Building VoiceKick: modern desktop application
Graphical user interface combining voice stream and Whisper
When I started working on VoiceKick, one of the first decisions I faced was whether to build a terminal-based application (TUI) or a modern desktop application with a graphical user interface (GUI). Terminal interfaces are lightweight and often preferred by developers, but I realized a desktop application would be more convenient and accessible for a broader audience, especially non-technical users.
After deciding on a GUI, the next step was choosing the right framework to bring VoiceKick to life. This required striking a balance between performance, ease of development, and user experience.

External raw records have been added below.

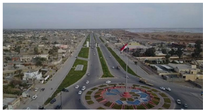
وجود معظمها على ضفاف نهر الفرات مع وجود مسطحات مائية وجبال سما يؤهلها لنجاح هذه التجربة التي غابت كثير عن أذهان الحكومات السابقة".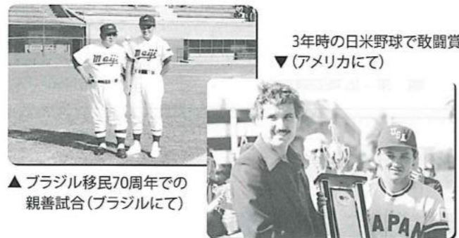
▲ブラジル移民70周年での親善試合(ブラジルにて)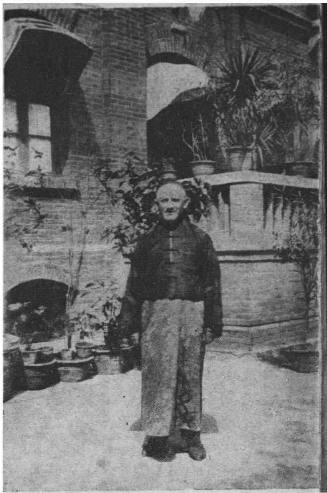
東裝的時軍將霖作張見進「京北」在者作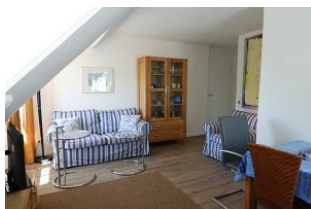
...und nehmen Sie platz für geruhsame Stunden.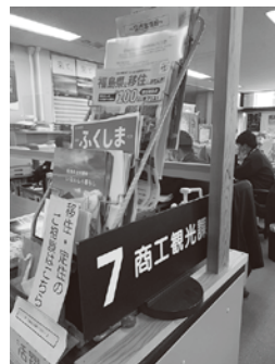
移住・定住の相談窓口

【質問】統合中学校となり、身近にあった学校がなくなってしまったことで、町民の方の学校への思いが、希薄になってきているのではとの声がある。対策が必要では。 【教育総務課長】生徒が存在しない行政区などもあるので、学校や町広報などにより、学校活動の情報幅広く発信し、身近で親しみのある中学校と捉えていただけるように、努力してまいる。 【質問】後援会活動（会費徴収）について、区費計上などによる会費徴収の提案がなされた。これは会の運営が何らかの手助けを必要とする状況と判断するが。 【教育総務課長】町では後援会の活動内容に何らかの支援が出来ればと、検討してみたい。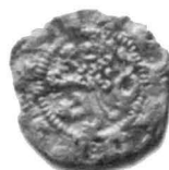
Abb. 4. Mikulčice (Bez. Hodonín). Můnzen Kat.Nr. 1, 2, 4, 6 und 7.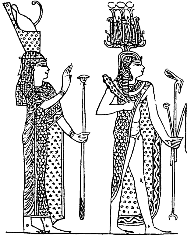
Fig. 2. — Détail de la « tunique historiée de Saqqara » : devant Mout (Héra) classique, Khonsou l'Enfant (Héraclès) couronné du hemhem et tenant la massue. Saqqara, époque romaine. (Musée du Caire, JE 59117.)

Or, au moins dans l'Égypte d'époque impériale, une quatrième divinité particulière, connue comme un Horus jeune cette fois, mais qui eut aussi sans doute un aspect harpocratien, paraît avoir reçu le cimier hemhem comme signe distinctif. C'est l'étrange Zeus Casios de Péluse, un Zeus qui se classait après Harpocrate, Horus, Agathos Théos, et avant Apollon et Dionysos, dans une liste de dieux fils gravée à Athènes au III e siècle ap. J.-C. 50 . L'effigie de ce Zeus Casios, bien connue par les monnaies du nome de Péluse (pl. XVII/B), est celle d'un homme jeune, apollinien (c'est Achille Tatios qui le dit, vers la fin du II e siècle ap. J.-C.) et coiffé de la couronne hemhem ; celle-ci figure,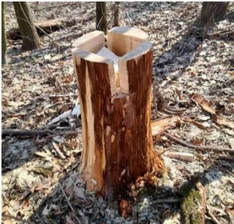
Рис. В.1. Годівниця для копитних мисливських тварин у мисливських угіддях Овруцького надлісництва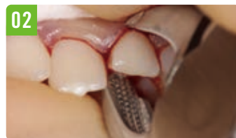
02 回転力を加えても滑らない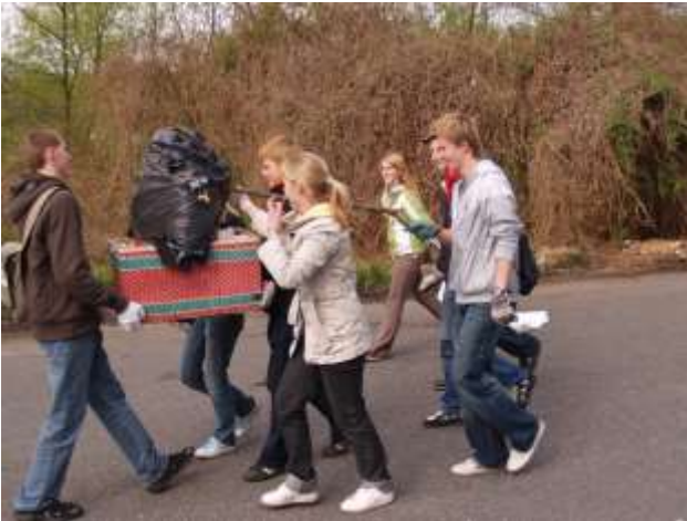
Studenti Střední ekonomické školy při sběru odpadků

Below is a short video depicting the application, source in voicekick-dioxus.
Exploring the Framework Landscape
I researched several frameworks, and a few stood out as the most promising options for building modern desktop applications in Rust:
Tauri: lightweight and fast, using web technologies like HTML, CSS, and JavaScript for the frontend while leveraging Rust for the backend. It seemed like a natural choice for small, fast apps.
Dioxus: inspired by React, Dioxus offers a declarative approach to building GUIs in Rust. It felt more aligned with my preference for modern, component-driven designs.
Iced: A robust framework for building native GUIs, offering a clean API but somewhat limited in terms of styling and modern UI capabilities.
Slint: Designed for building sleek, custom user interfaces, but its focus seemed more niche for applications requiring intricate visuals.
First iteration: Tauri
Initially, I chose Tauri, drawn by its promise of creating lightweight desktop apps with a strong Rust backend. The idea of building GUIs using familiar web technologies was appealing. I quickly set up the first version of VoiceKick, which allowed basic functionality like selecting input devices and displaying waveforms.
However, I ran into issues almost immediately. While Tauri is great for some use cases, debugging turned out to be a frustrating experience. After half a day of troubleshooting with minimal feedback or actionable insights, I decided it wasn’t worth the time investment - at least not for this project.
Switching to Dioxus
After leaving Tauri behind, I turned to Dioxus, which had some compelling advantages:
Extensive documentation: the documentation is comprehensive and developer-friendly, making it easier to troubleshoot and experiment.
Familiar concepts: it borrows from React’s declarative component model, which I found intuitive and efficient for building UIs.
Flexibility and performance: Dioxus reuses some of Tauri’s better ideas but focuses on performance and a more ergonomic developer experience.
With Dioxus, I quickly recreated the basic structure of VoiceKick and even added features without the earlier debugging headaches. The framework’s component-based architecture allowed me to iterate faster and stay organized.
Building VoiceKick’s core features
For the first iteration of the VoiceKick desktop application, I implemented two main pages:
Page 1: Voice configuration and waveforms
Input device selection: users can choose the audio input device (e.g., a specific microphone).
Voice detection threshold: a slider allows fine-tuning the voice detection threshold, balancing sensitivity and noise filtering.
Waveform visualization: the page displays real-time audio waveforms, giving users instant feedback on their input. This visualization is crucial for understanding how the app interprets sound.
Page 2: Whisper configuration
Model selection: users can select the Whisper model to use for transcription. The default is TinyEn, optimized for lightweight and fast transcription tasks.
Language settings: users can specify the language, ensuring accurate transcription for multilingual setups.
Both pages focus on simplicity and functionality, ensuring the app is user-friendly and practical for real-world use cases.
Summary
Switching frameworks early in development was an easy decision and ultimately the right one. Here are a few takeaways from the process:
1. Start simple: the first version contains a bunch of unwrap and expect statements; it just needs to work. This helped me focus on core features before worrying about polish.
2. Prioritize DevEx: a framework that simplifies debugging and iteration and saves significant time and frustration.
3. Flexibility matters: choosing a flexible framework like Dioxus made it easier to adapt as the project evolved.
4. Keep the user in mind: Transitioning from a TUI to a GUI may have been more work initially, but it made VoiceKick more accessible to a wider audience.